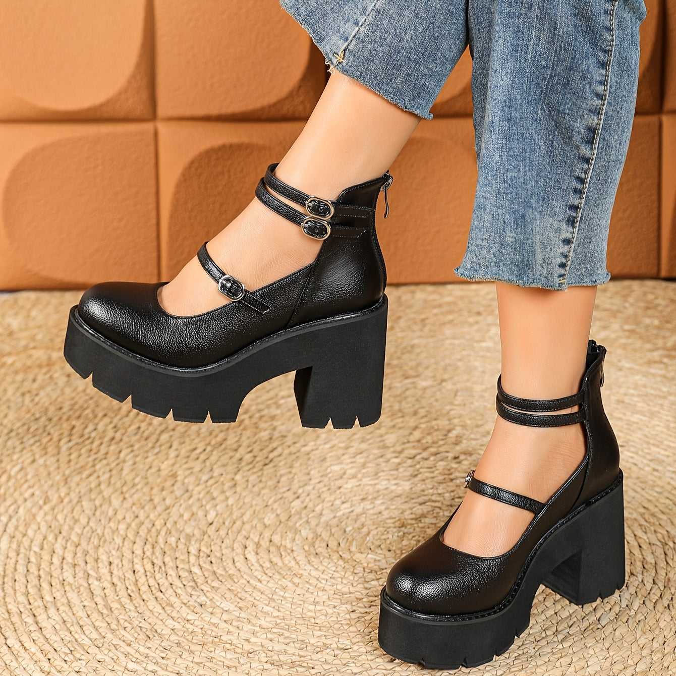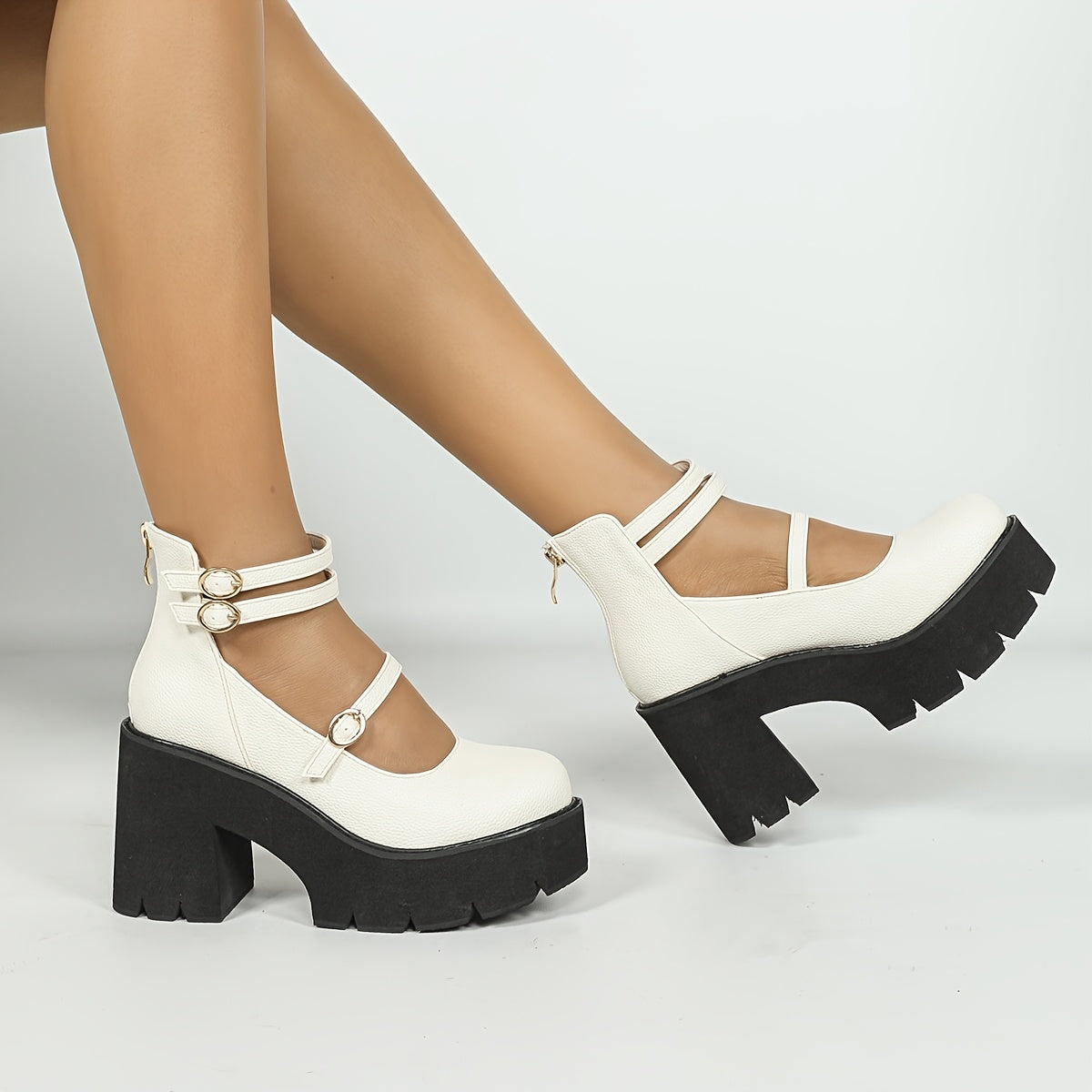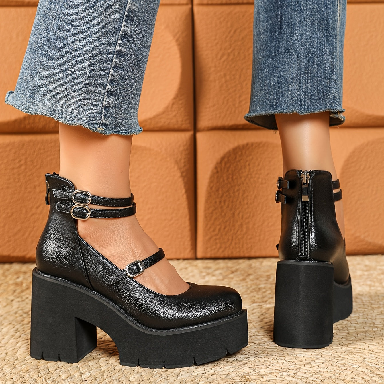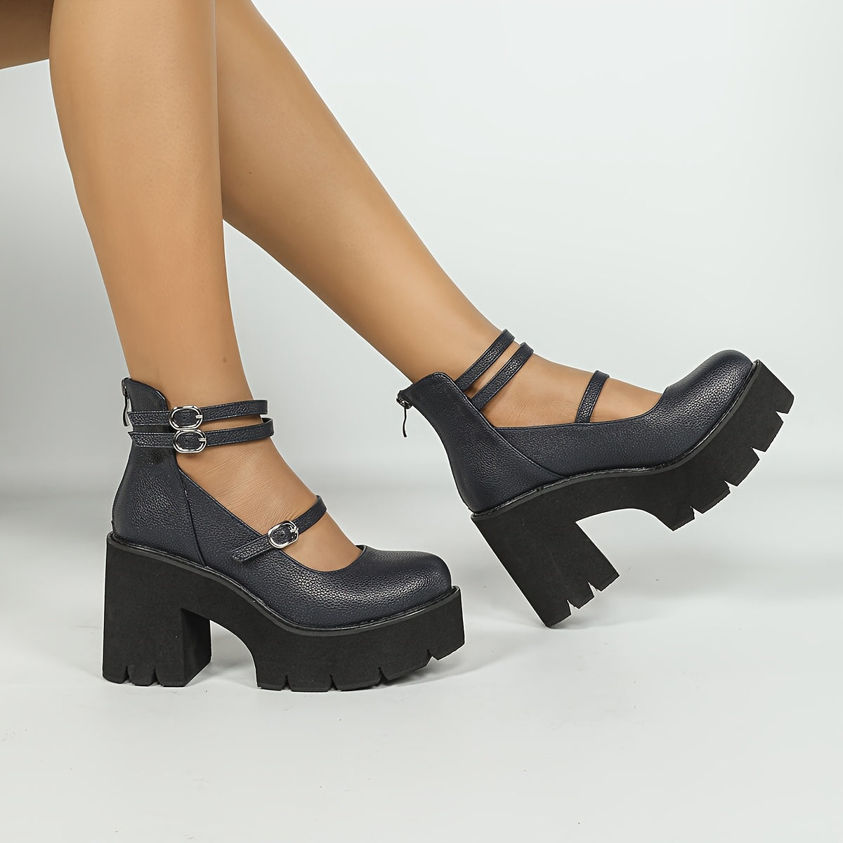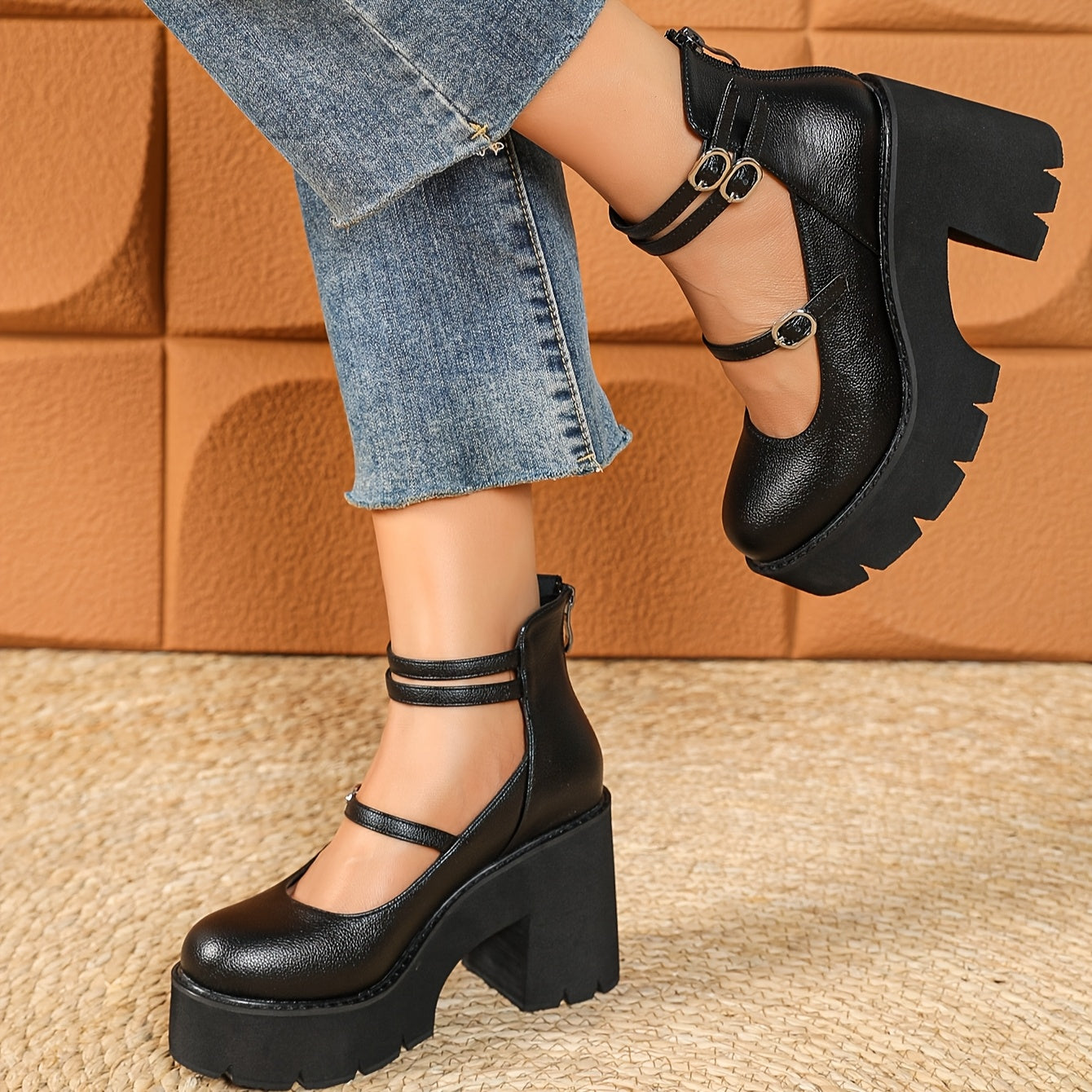 1pr Ayollar uchun O'rta Bo'yli Moda Botinkalari - Bir Rangli, Qulay, Sirpanmaydigan, Dumaloq Boshli, Kichik Kaltak, Sun'iy Charm, Gumus Taglik - Kuz/Qish Yuqori To'piq Botinkalari, Zipper Yopilishi, Matoli Ichki Qism
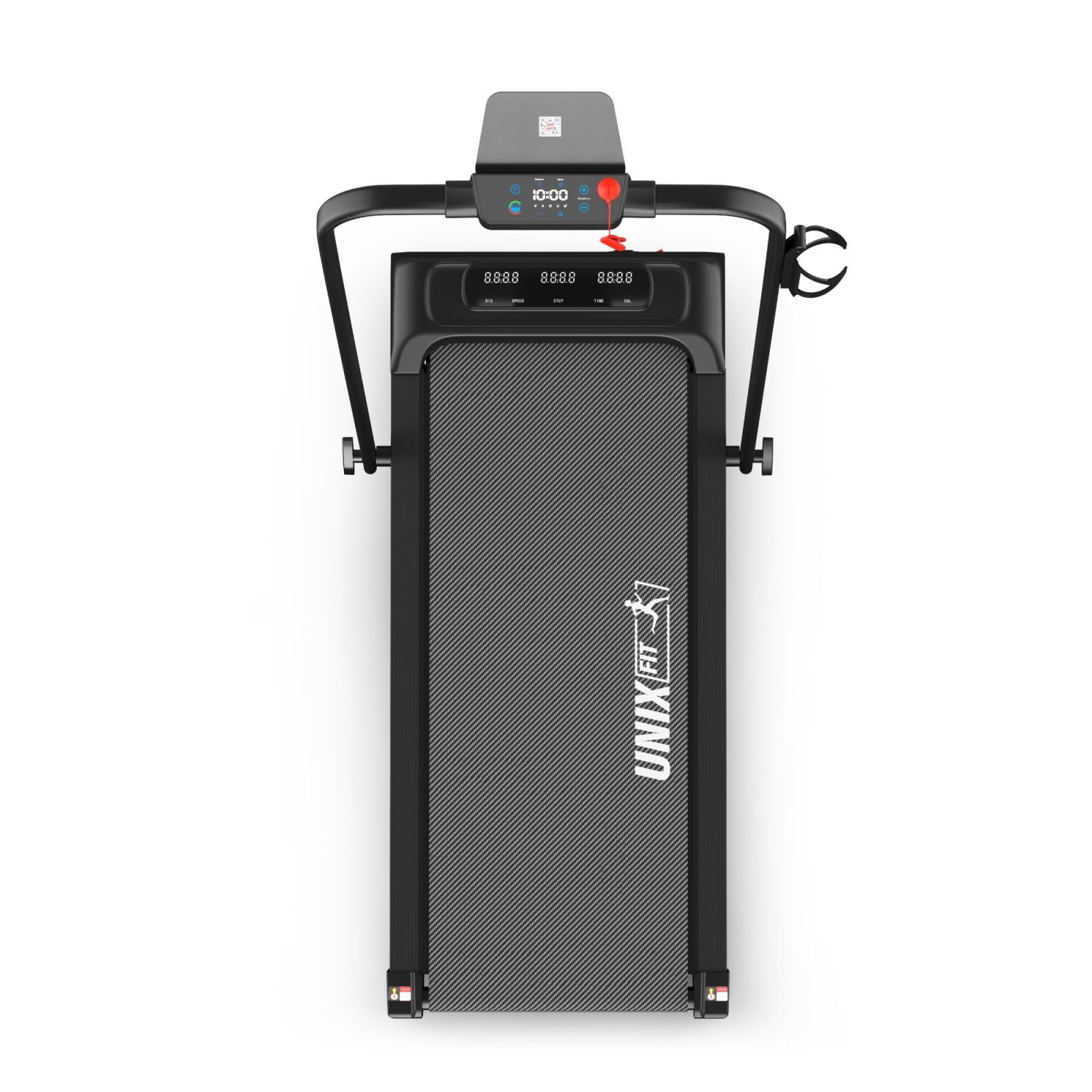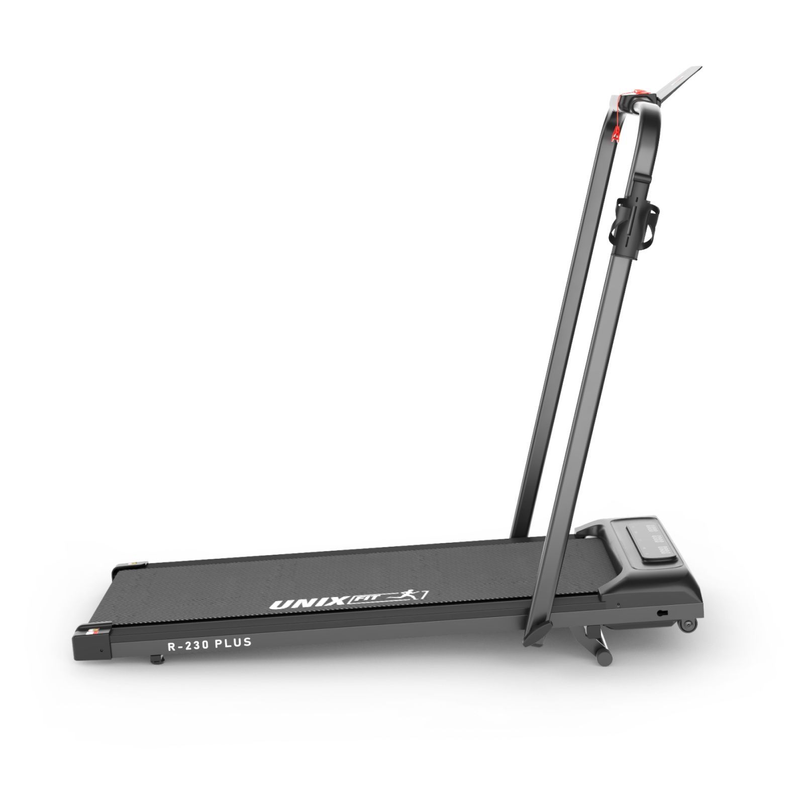 Беговая дорожка электрическая складная UNIX Fit R-230 PLUS — идеальный выбор для тех, кто стремится поддерживать себя в отличной форме прямо у себя дома! Этот ультратонкий кардиотренажер сочетает в себе компактность, инновационные технологии и превосходные характеристики, позволяющие вам заниматься спортом комфортно и эффективно каждый день. Благодаря своей уникальной конструкции и лёгкости складного механизма, эта беговая дорожка без поручней легко адаптируется к любым условиям вашей квартиры или загородного дома. Компактность кардио тренажера R-230 PLUS позволяет установить его даже в небольших помещениях, сохраняя свободное пространство. Два удобных транспортировочных ролика облегчают перемещение тренажера внутри помещения, делая тренировки дома комфортными и удобными для всей семьи.
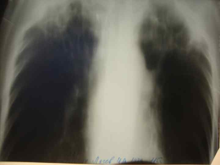 По сравнению с данными от 11. 02. 14 г. – отмечается частичное рассасывание очагово-инфильтративных изменений в верхних долях обоих легких. Полости распада с обеих сторон сохраняются, уменьшилась прекавитарная инфильтрация.
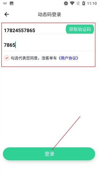4、在【动态码登录】页面输入账号,获取并填写【验证码】,勾选相关协议后点击【登录】按钮,即可完成账号登录操作。
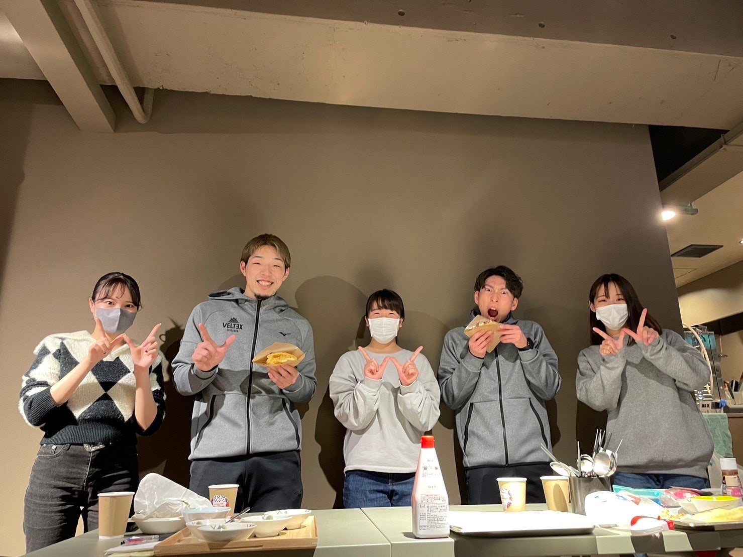 ▲コラボフードの試作に#1大石選手と#3岡田選手も参加!選手たちの貴重な意見をもとに企画を進めてきました。
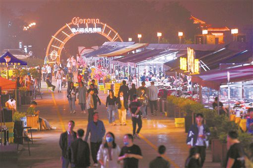 初夏入夜,长沙市岳麓区渔人码头就有不少市民前来游玩、宵夜。随着新冠肺炎疫情防控常态化以及复工复产复市逐步推进,长沙商圈逐渐恢复活力,夜经济日趋火爆。记者 傅聪 摄
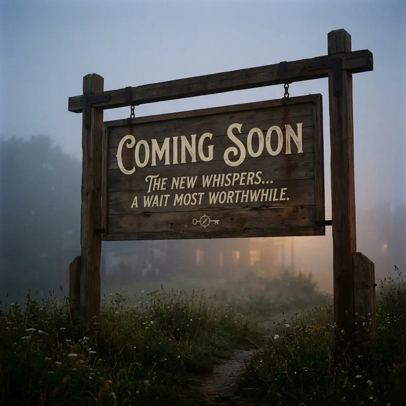 Generate an image of a large, intriguing 'coming soon' sign, enveloped in a sense of mystery. The sign stands tall against a backdrop of thick, creeping fog, emphasizing its looming presence. Periodic absence of light and shadow suggest that the environment is filled with suspense and secrecy. Despite the arcane atmosphere, the sign remains clear and welcoming, intriguing passersby with its promise of upcoming surprises.
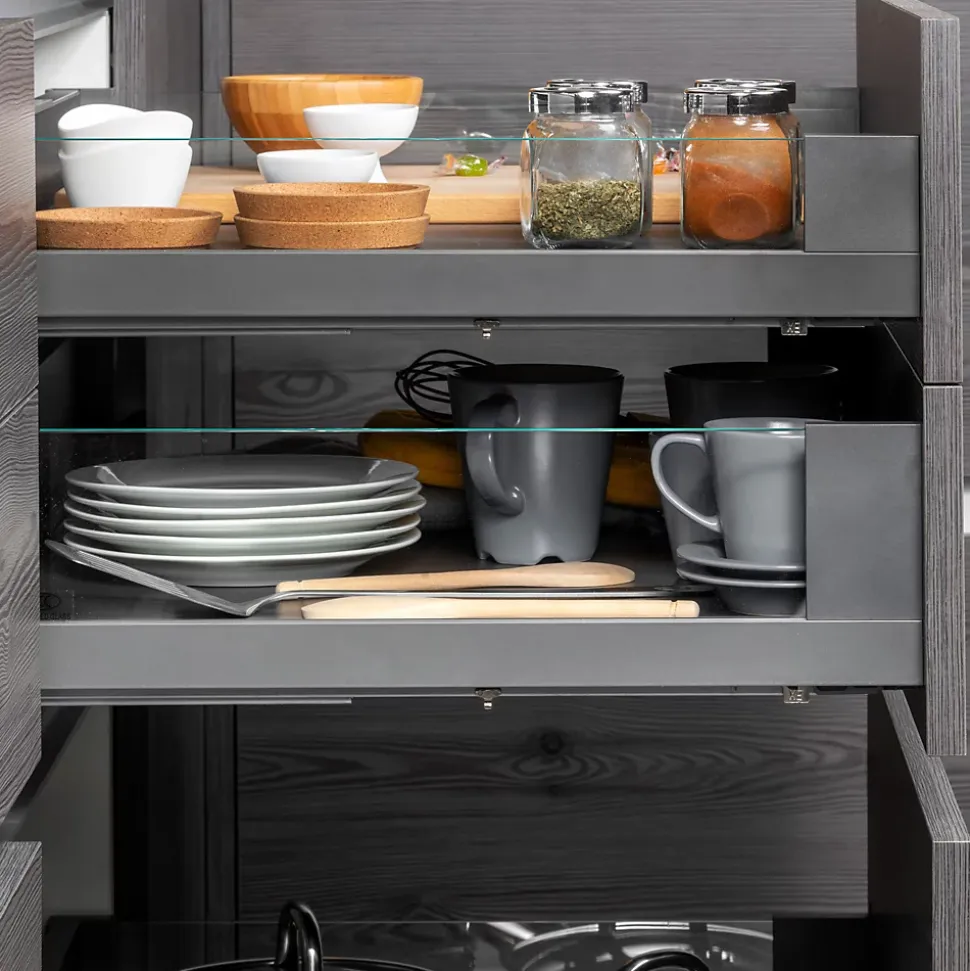 - Glissières synchronisées à sortie totale avec fermeture amortie pour un refermement silencieux et doux.
══════════════════════════════
Required work:
Write the records out once more, exactly as they appear, with no pictures.

Solution for this task:
 1pr Ayollar uchun O'rta Bo'yli Moda Botinkalari - Bir Rangli, Qulay, Sirpanmaydigan, Dumaloq Boshli, Kichik Kaltak, Sun'iy Charm, Gumus Taglik - Kuz/Qish Yuqori To'piq Botinkalari, Zipper Yopilishi, Matoli Ichki Qism
 Беговая дорожка электрическая складная UNIX Fit R-230 PLUS — идеальный выбор для тех, кто стремится поддерживать себя в отличной форме прямо у себя дома! Этот ультратонкий кардиотренажер сочетает в себе компактность, инновационные технологии и превосходные характеристики, позволяющие вам заниматься спортом комфортно и эффективно каждый день. Благодаря своей уникальной конструкции и лёгкости складного механизма, эта беговая дорожка без поручней легко адаптируется к любым условиям вашей квартиры или загородного дома. Компактность кардио тренажера R-230 PLUS позволяет установить его даже в небольших помещениях, сохраняя свободное пространство. Два удобных транспортировочных ролика облегчают перемещение тренажера внутри помещения, делая тренировки дома комфортными и удобными для всей семьи.
 По сравнению с данными от 11. 02. 14 г. – отмечается частичное рассасывание очагово-инфильтративных изменений в верхних долях обоих легких. Полости распада с обеих сторон сохраняются, уменьшилась прекавитарная инфильтрация.
4、在【动态码登录】页面输入账号,获取并填写【验证码】,勾选相关协议后点击【登录】按钮,即可完成账号登录操作。
 ▲コラボフードの試作に#1大石選手と#3岡田選手も参加!選手たちの貴重な意見をもとに企画を進めてきました。
 初夏入夜,长沙市岳麓区渔人码头就有不少市民前来游玩、宵夜。随着新冠肺炎疫情防控常态化以及复工复产复市逐步推进,长沙商圈逐渐恢复活力,夜经济日趋火爆。记者 傅聪 摄
 Generate an image of a large, intriguing 'coming soon' sign, enveloped in a sense of mystery. The sign stands tall against a backdrop of thick, creeping fog, emphasizing its looming presence. Periodic absence of light and shadow suggest that the environment is filled with suspense and secrecy. Despite the arcane atmosphere, the sign remains clear and welcoming, intriguing passersby with its promise of upcoming surprises.
 - Glissières synchronisées à sortie totale avec fermeture amortie pour un refermement silencieux et doux.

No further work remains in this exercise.